Corren rumores de que ha empezado un período de provocaciones en amplia escala. Los delegados del frente consideran que tanto la ofensiva como la retirada, en una palabra, todo lo ocurrido en el frente, estaba preparado para desacreditar la revolución y derribar a los Soviets. No sé si estos rumores son ciertos o no, pero es de notar que el 2 de julio salieran del gobierno los demócratas constitucionalistas, que el 3 comenzaran los acontecimientos de julio y que el 4 se recibieran las noticias sobre la ruptura del frente. ¡Asombrosa coincidencia! No se puede decir que los demócratas constitucionalistas dimitieran a causa de la decisión sobre el problema de Ucrania, ya que ellos no se oponían a la solución de este problema. Existe un segundo hecho, que confirma el supuesto de que ha comenzado verdaderamente un período de provocaciones: me refiero al tiroteo de Ucrania. Ante tales hechos, para los camaradas debe estar claro que la ruptura del frente figuraba en el plan de la contrarrevolución como uno de los factores que debían desprestigiar la idea de la revolución ante las amplias masas pequeñoburguesas. Existe un tercer factor que ha robustecido las fuerzas de la contrarrevolución en Rusia: el capital aliado. Si el capital aliado, viendo que el zarismo iba a la paz por separado, traicionó al gobierno de Nicolás, nadie le impide romper con el gobierno actual, si resulta incapaz de mantener el frente “único”.
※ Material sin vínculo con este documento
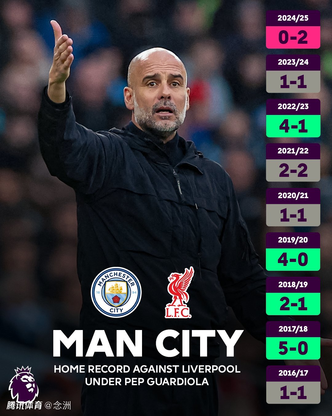 瓜迪奥拉10负头号克星!曼城1战刷爆6大耻辱 詹俊:恐保不住前四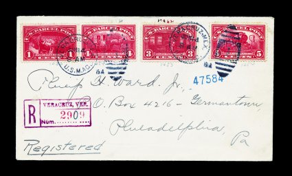 971 c Q1/5 image#Q1/5, 1c, 3c, 4c and 5c Parcel Posts, single of each tied to handsome registered cover to Philadelphia, Pa. by scarce "Vera Cruz, Mex./Jun 14, 1914/U.S.M.AG." duplex postmarks, boxed violet Vera Cruz registry handstamp at bottom left, violet Vera Cruz originating c.d.s. and Philadelphia arrival c.d.s. on reverse, exceptionally clean, choice very fine. (Image) Est. 300-400

Miliukov ha dicho en una reunión que Rusia es considerada en el mercado internacional como proveedora de hombres, a cambio de los cuales recibe dinero, y que si se pusiera en claro que el nuevo Poder, personificado por el Gobierno Provisional, es incapaz de mantener el frente único de la ofensiva contra Alemania, no valdría la pena subsidiar a tal gobierno. Y sin dinero, sin créditos, el gobierno fracasaría. En esto reside el secreto de que en el período de la crisis los demócratas constitucionalistas alcanzaran una gran fuerza. Por su parte, Kerenski y todos los ministros eran muñecos en manos de los demócratas constitucionalistas. La fuerza de los demócratas constitucionalistas consistía en que los respaldaba el capital aliado. Ante Rusia había dos caminos: o cesar la guerra, romper todos los vínculos financieros con el imperialismo, continuar el avance de la revolución, resquebrajar las bases del mundo burgués y comenzar la era de la revolución obrera; o seguir el otro derrotero, el derrotero de la continuación de la guerra, de la continuación de la ofensiva en el frente, de la subordinación a todas las órdenes del capital aliado y de los demócratas constitucionalistas, en cuyo caso se dependerá por entero del capital aliado (en el Palacio de Táuride corrían rumores insistentes de que Norteamérica proporcionaría ocho mil millones de rublos, los recursos para “restablecer” la economía) y triunfará la contrarrevolución. Una tercera opción no existe.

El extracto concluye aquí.